Tag Archives: Contemplation

The Bleak Winter Sun

The bleak winter sun
fights to display its light, its warmth
fighting through a soft layer of
middle-gray clouds.

They, like a mouse nest blanket
try to warm the earth,
taking the sun’s role
(a prideful move).

I watch down here,
down on this windy earth
and
experience the duvet of pride.

[This same rat's nest clogs my soul.]

I yell within,
“Move out of the way!”
(Repent!)
…nothing changes.

I measure:
Spring will come,
spring will come.
Things will be

made right, made new.

The old turns to the new; we fall but upward.

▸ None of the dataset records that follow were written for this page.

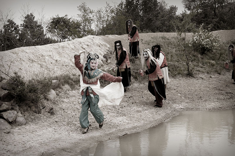 五鬼盘叉,亦名“小鬼捉刘氏”,是我省晋城市陵川县六泉乡(原冶头乡)赵豁池村独有的具有古老故事情节的一种舞蹈。因有五名表演者扮演小鬼且持叉表演,所以被称为“五鬼盘叉”。 五鬼盘叉来源于一个传说:古时有一位刘氏,虐待公婆,作恶多端。人们认为她罪孽深重,必有报应。“阴间地府”判定刘氏阳寿已终。于是小阎王带领五个小鬼来捉拿刘氏,先找到地方(土地爷),领着众小鬼来到刘氏家。奉阎王之命捉拿一贯打骂公婆、欺侮邻里、作恶多端的刘氏。众小鬼在地方(土地爷)的带领下,找到刘氏并与其展开搏斗。刘氏则四下逃窜、躲藏,虽撒泼抵抗,但最终被五个小鬼叉于空中,拿回阴间。舞蹈就表现了这一传说内容。小阎王、众小鬼、地方、刘氏是舞蹈中的主要人物。“五鬼盘叉”完全以舞蹈形式表现,该舞蹈的每个动作都具有鲜明的性格特征。小阎王带领众小鬼旋风似地绕场,融民间舞蹈、武术、戏曲动作为一体;众小鬼既有“吸腿、跳转、扑步”等基础性动作,又有“烤火、磕转、迈顶”等单一的个性动作;刘氏不仅有“虎跳、跌叉、吃叉”等技巧性动作,还有手握叉前翻360度的高难度动作;特别是小阎王的 “足尖步”,五趾着地,左右颠拐,飘忽不定,更增加了神秘色彩。当五个小鬼用钢叉将刘氏托于空中时,更使人望而生畏。 “五鬼盘叉”于每年正月初四,民间俗称的“接香会客”时在本村佛爷庙门外的广场上表演。此外,还在农历六月初一、初六赶庙会时,到邻村去表演。民间叫“行香走会”。在整个表演中,乐队始终视演员情绪变化急缓有致地伴奏。表演者既在音乐之中,却又不受节奏约束,然而动作又十分协调默契。对于晋城市陵川县冶头乡赵活池村的村民来说,“五鬼盘叉”是全村老少皆知。全村是一个大家族,都姓赵。村里的年长者说:从光绪年间,祖辈由洪洞大槐树迁徙到此,此舞就世代传习,流传至今。 “五鬼盘叉”只用打击乐伴奏。乐器有大墩鼓三面;大镲六付;铜锣十二面。乐队共需27人,其中抬大墩鼓者6人。行进时仪仗队先导,后跟乐队,共分为三组,每组打击乐均为:前排拍镲者居中,左、右各一击锣者;中排两人抬大墩鼓,一人敲;后排拍镲者居中,左、右各一击锣者。队列次序是:先为第一组打击乐,然后是四名耍三股叉的小鬼,接着是第二组打击乐,后边紧跟另一小鬼及刘氏、小阎王、地方(土地爷),最后是第三组打击乐。在场地表演时,三面鼓成一排,由一鼓指挥;六副镲围鼓成半圆形;十二面锣站在外圈。其锣鼓点较简单,锣与镲打相同节奏,唯鼓点略为花哨,但重音与锣镲相同。音乐伴奏与舞蹈只做大体配合,烘托情绪,不求节拍吻合。除开始和结尾外,只有一个常用鼓点连续演奏起来能造成急促、紧张、阴森而有几分恐怖的气氛。 当地村民在表演“五鬼盘叉”前素有跪拜祭叉的习惯。表演时以打击乐伴奏,并燃放鞭炮加助气氛,只舞不唱,整个舞蹈在打、逗、闹中渲染气氛。表演题材取材于传说,意在劝人弃恶从善。 ■ |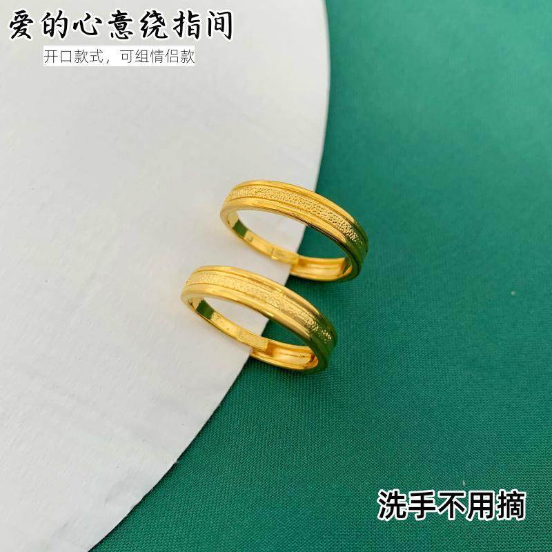 📚 越南沙金简约磨砂细戒指男女情侣对戒黄铜镀金戒指活口百搭不掉色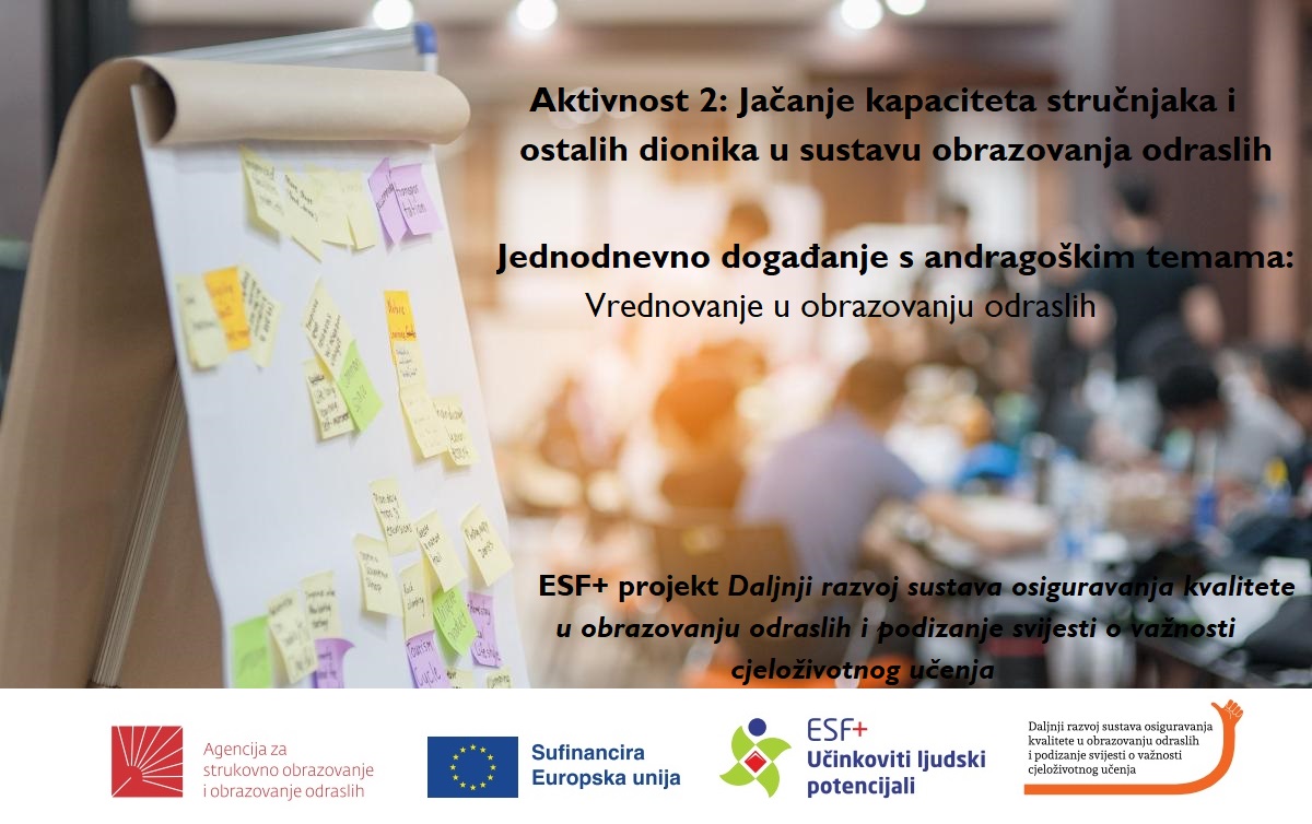 U sklopu ESF+ projekta Daljnji razvoj sustava osiguravanja kvalitete u obrazovanju odraslih i podizanje svijesti o važnosti cjeloživotnog učenja, u okviru Aktivnosti 2: Jačanje kapaciteta stručnjaka i ostalih dionika u sustavu obrazovanja odraslih, Agencija za strukovno obrazovanje i obrazovanje odraslih organizira radionicu na temu „Vrednovanje u obrazovanju odraslih“.
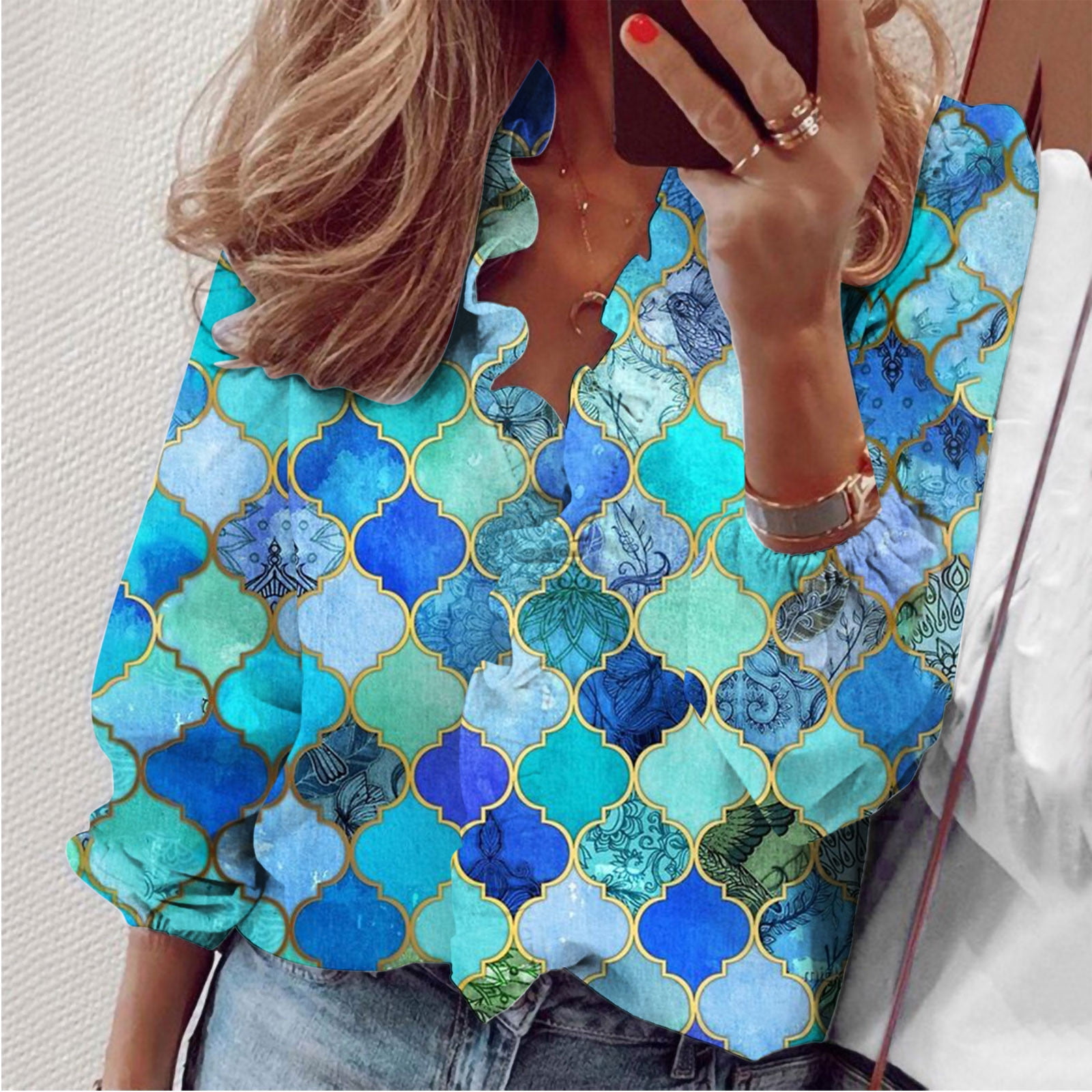 Yotami Womens Sweatershirts Casual Full Sleeve V Neck Tops Loose Shirts Blouse Printing Tops Trendy Sky Blue 2xl Walmart Com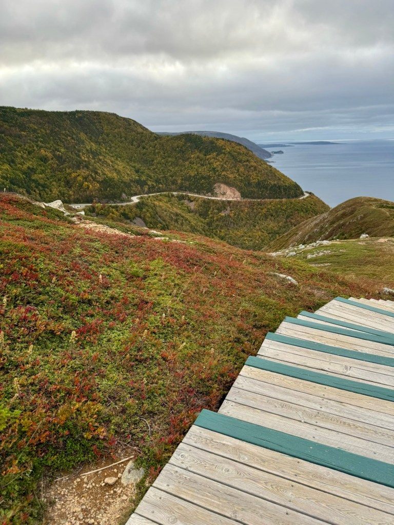 One of the highlights was hiking the Skyline Trail, one of the most iconic and scenic trails in Cape Breton Highlands National Park. The trail sits high above the Cabot Trail near French Mountain and is known for its dramatic coastal views where the mountains seem to meet the sea. It’s a loop of about 6.5–8.2 km, with a mostly gentle path and a famous boardwalk section leading to a headland lookout that offers sweeping panoramas of rugged cliffs, forest, and the Atlantic beyond.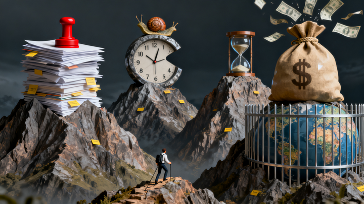 为什么明知有服务盲区,很多企业却选择“睁一只眼闭一只眼”?因为想要用传统方式覆盖全球,就得先翻越这“四座大山”: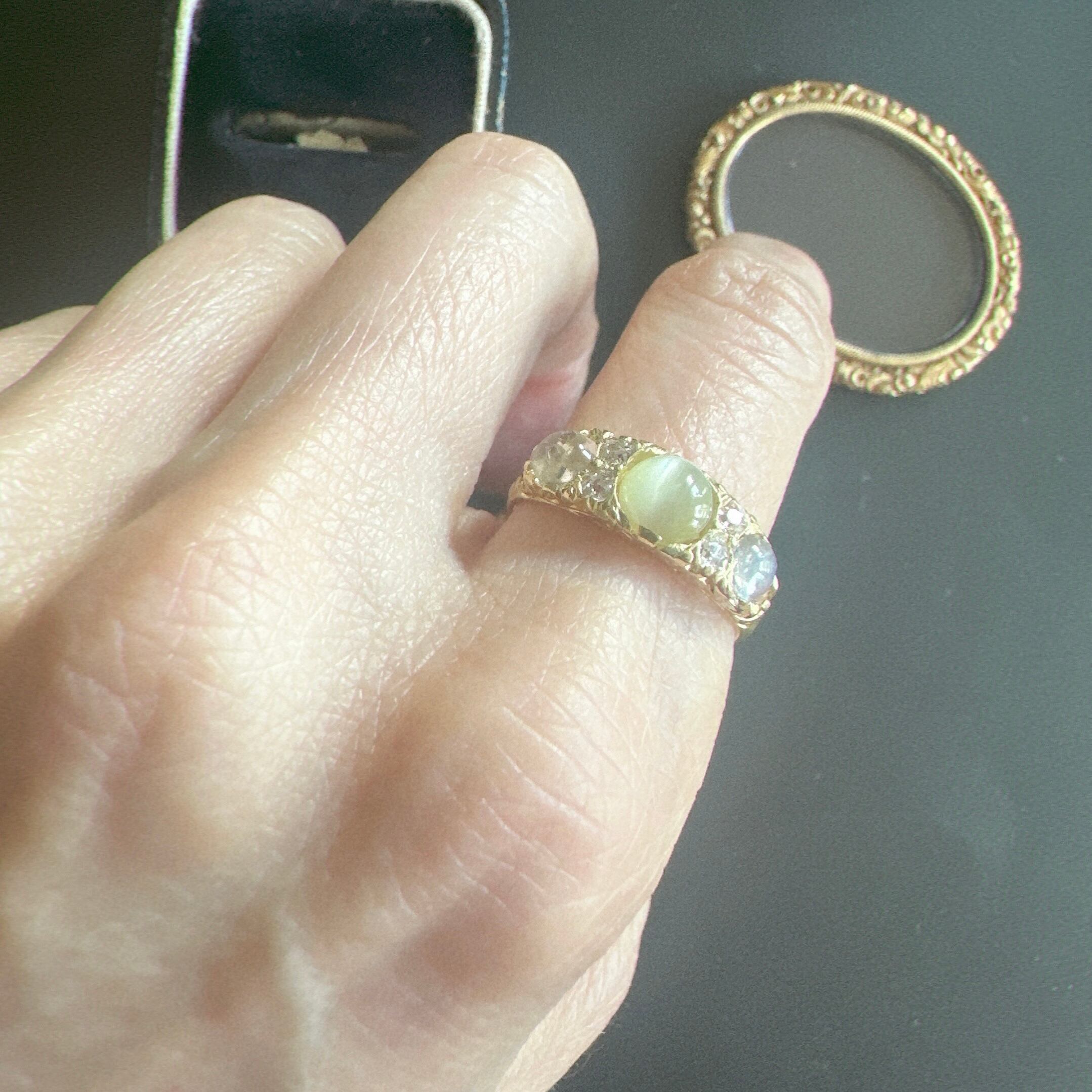 中央には、神秘的な光を宿すクリソベリルキャッツアイ。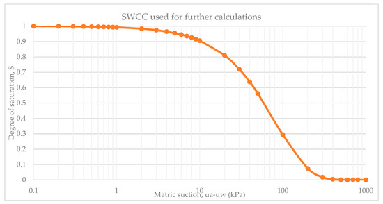 where ()—matric suction; S—degree of saturation; k—fitting parameter; —degree of internal friction [31].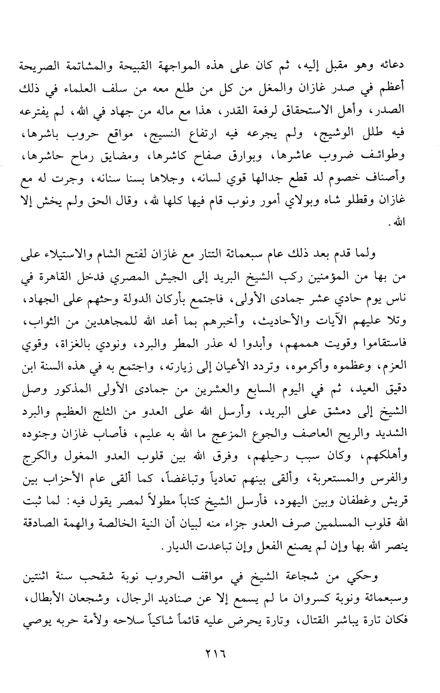 دعائه وهو مقبل إليه، ثم كان على هذه المواجهة القبيحة والمشاتمة الصريحة أعظم في صدر غازان والمغل من كل من طلع معه من سلف العلماء في ذلك الصدر، وأهل الاستحقاق لرفعة القدر، هذا مع ماله من جهاد في الله، لم يفترعه فيه طلل الوشيج، ولم يجرعه فيه ارتفاع النسيج، مواقع حروب باشرها، وطوائف ضروب عاشرها، وبوارق صفاح كاشرها، ومضايق رماح حاشرها، وأصناف خصوم لد قطع جدالها قوي لسانه، وجلاها بسنا سنانه، وجرت له مع غازان وقطلو شاه وبولاي أمور ونوب قام فيها كلها لله، وقال الحق ولم يخش إلا الله.

It is through struggle and question that we’re grown; it is God’s presence in the wrestling that we find as our greatest consolation.

This gift is only discovered when the old desire to win, to stand out, or make a name for ourselves fades away. The old turns to the new; we fall but upward.

The early desires are a part of the human experience, a natural lean. They’re the foundational, security building hierarchy of needs sorts of things; we’ll scratch and dig all night for them.

But then the dawn comes and we realize that getting to the gold of China is futile with our fingernails, so we sit up, look across the rim of the hole we’re in, and see the first rays of the Morning Sun.

We pause and watch. This moment has a restful, simple eternal feel to it.

With each inclining degree of light, our questions and our strivings shift. Personal security and personal name no longer preoccupy; instead, we feel a simple warmth to pour into the lives of others, and a freedom to fade, as the sun will also do later in the day, across the western horizon. There to go, there to go.

It’s this awakening of time that Rohr is speaks about, this coming to, or being awakened, to a life that has questions and pursuits (these have been worked at for years). Answers have come but then their paradox follows; a volley like this bats across the years.

More than a question is suffering and struggle. As we carry the scars that come along in our time, our demand for answers fades, replaced by the soul’s desire to just be with God who becomes our consolation more than any gift he could send. It is God alone we come to desire; it is God alone we desire to share.

 

[Falling Upward: A Spirituality for the Two Halves of Life by Richard Rohr (Book Reaction)]

 

New Seeds of Contemplation by Thomas Merton [Book Reaction]

What did I hope to discover when I opened New Seeds of Contemplation? – I hoped to hear a word of wisdom, something from Merton that was infused in his walk, that might inform my own.

The most affective quote from the book:

When humility delivers a man from attachment to his own works and his own reputation, he discovers that perfect joy is possible only when we have completely forgotten ourselves. And it is only when we pay no more attention to our own deeds and our own reputation and our own excellence that we are at last completely free to serve God in perfection for his own sake alone. (58)

This thought and action is at the heart of everything else Merton wrote in New Seeds; everything else was a step in practicing self-forgetfulness. Not self-debasement or self-destruction, but a revelation that your true self can only be discovered when you lay aside your ego (or rather, the Spirit of God cultivates a new, living life in its place).

This letting go of your ego, your agenda, and the agenda of the current time and culture (e.g. things that clash with Jesus) is the heart and soul of spiritual formation, or as Merton phrases it: Contemplation – life lived in uninhibited union with God, his will in us, for us, and breathed out in our motions.

In order to “get there,” Merton provides a strong point:

“Everyone of us forms an idea of Christ that is limited and incomplete. It is cut according to our own measure. We tend to create for ourselves a Christ in our own image, a projection of our own aspirations, desires and ideals. We find in him but we want to find. We make him not only the incarnation of God but also the incarnation of the things we and our society and our part of society happen to live for.

Therefore, although it is true that perfection consists imitating Christ and reproducing him in our own lives, it is not enough merely to imitate the Christ we have in our imaginations.

We read the Gospels not merely to get a picture or an idea of Christ but to enter in and pass through the words of revelation to establish, by faith, the vital contact with the Christ who dwells in our souls as God.” (156)

This is life. This is “contemplation.” The Gospels and the things in our lives that cause remembrance of Jesus are the seeds of this new life. We must learn the art of cultivation.